## PROBLEM TO SOLVE
Print each record exactly as it appears, but drop the images.

## GIVEN DATA
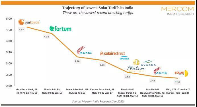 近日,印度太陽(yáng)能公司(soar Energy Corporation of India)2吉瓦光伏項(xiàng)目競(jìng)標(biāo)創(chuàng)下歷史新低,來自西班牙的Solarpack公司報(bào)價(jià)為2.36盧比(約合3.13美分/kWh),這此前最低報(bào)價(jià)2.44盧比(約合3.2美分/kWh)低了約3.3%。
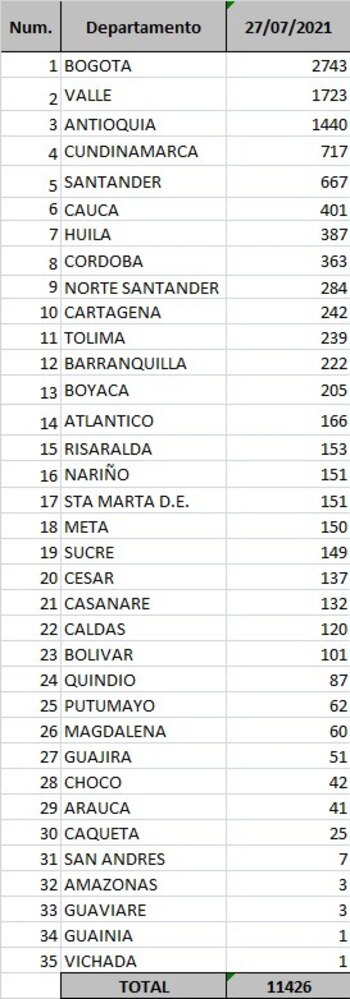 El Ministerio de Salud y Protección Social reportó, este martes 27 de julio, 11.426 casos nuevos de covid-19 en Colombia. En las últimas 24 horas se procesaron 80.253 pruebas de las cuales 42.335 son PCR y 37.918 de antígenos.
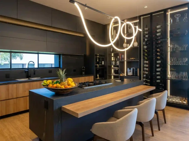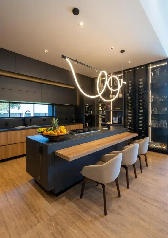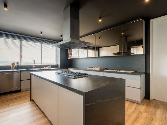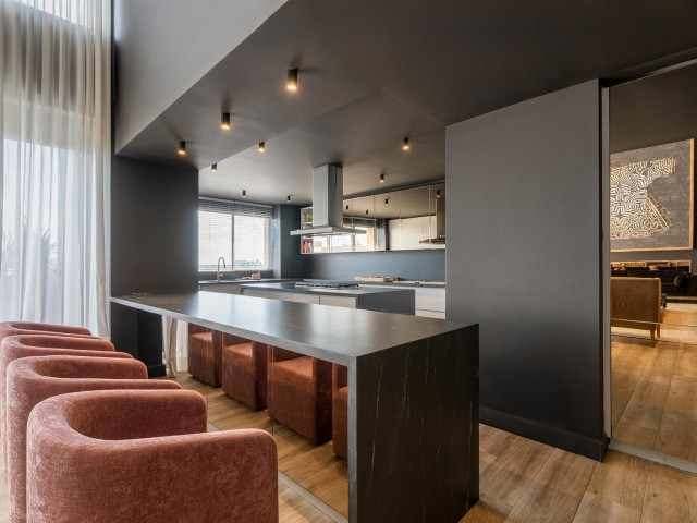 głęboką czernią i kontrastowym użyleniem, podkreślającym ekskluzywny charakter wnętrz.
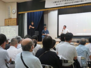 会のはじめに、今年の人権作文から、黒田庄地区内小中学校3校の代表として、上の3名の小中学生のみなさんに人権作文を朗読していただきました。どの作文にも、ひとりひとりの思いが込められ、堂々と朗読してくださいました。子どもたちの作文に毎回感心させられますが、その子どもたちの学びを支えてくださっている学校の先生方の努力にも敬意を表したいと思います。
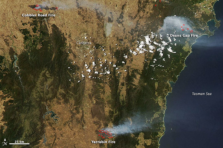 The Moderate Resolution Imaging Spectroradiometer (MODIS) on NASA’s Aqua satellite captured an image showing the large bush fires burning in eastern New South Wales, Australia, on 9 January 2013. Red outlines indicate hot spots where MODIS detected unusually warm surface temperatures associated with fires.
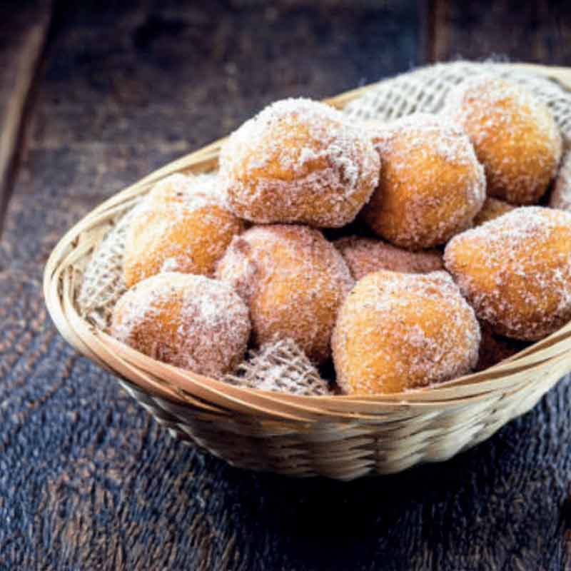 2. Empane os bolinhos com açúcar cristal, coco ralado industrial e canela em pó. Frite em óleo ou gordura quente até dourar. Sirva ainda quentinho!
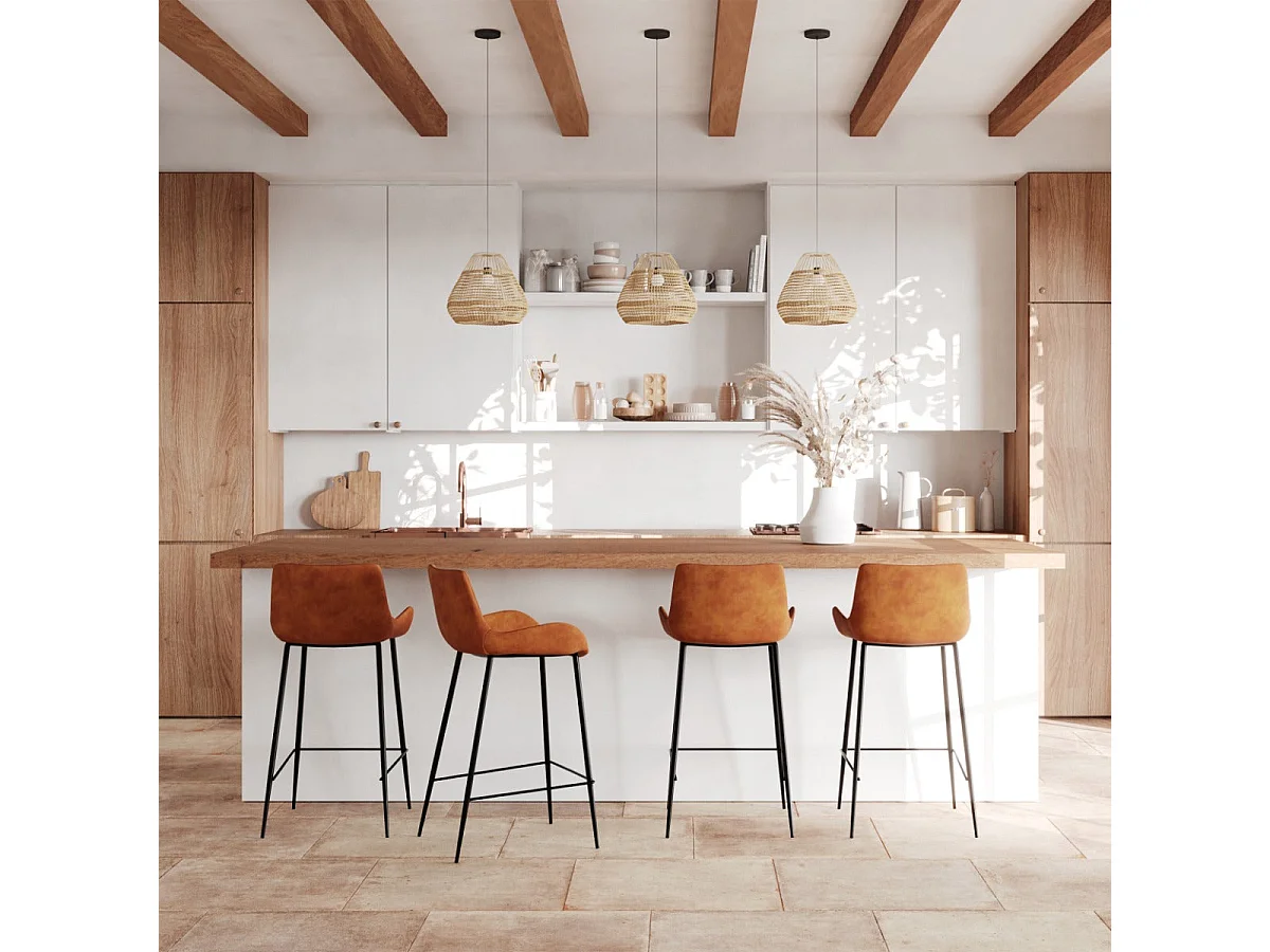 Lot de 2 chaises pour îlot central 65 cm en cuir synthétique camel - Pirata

## RESPONSE BOX
 近日,印度太陽(yáng)能公司(soar Energy Corporation of India)2吉瓦光伏項(xiàng)目競(jìng)標(biāo)創(chuàng)下歷史新低,來自西班牙的Solarpack公司報(bào)價(jià)為2.36盧比(約合3.13美分/kWh),這此前最低報(bào)價(jià)2.44盧比(約合3.2美分/kWh)低了約3.3%。
 El Ministerio de Salud y Protección Social reportó, este martes 27 de julio, 11.426 casos nuevos de covid-19 en Colombia. En las últimas 24 horas se procesaron 80.253 pruebas de las cuales 42.335 son PCR y 37.918 de antígenos.
 głęboką czernią i kontrastowym użyleniem, podkreślającym ekskluzywny charakter wnętrz.
 会のはじめに、今年の人権作文から、黒田庄地区内小中学校3校の代表として、上の3名の小中学生のみなさんに人権作文を朗読していただきました。どの作文にも、ひとりひとりの思いが込められ、堂々と朗読してくださいました。子どもたちの作文に毎回感心させられますが、その子どもたちの学びを支えてくださっている学校の先生方の努力にも敬意を表したいと思います。
 The Moderate Resolution Imaging Spectroradiometer (MODIS) on NASA’s Aqua satellite captured an image showing the large bush fires burning in eastern New South Wales, Australia, on 9 January 2013. Red outlines indicate hot spots where MODIS detected unusually warm surface temperatures associated with fires.
 2. Empane os bolinhos com açúcar cristal, coco ralado industrial e canela em pó. Frite em óleo ou gordura quente até dourar. Sirva ainda quentinho!
 Lot de 2 chaises pour îlot central 65 cm en cuir synthétique camel - Pirata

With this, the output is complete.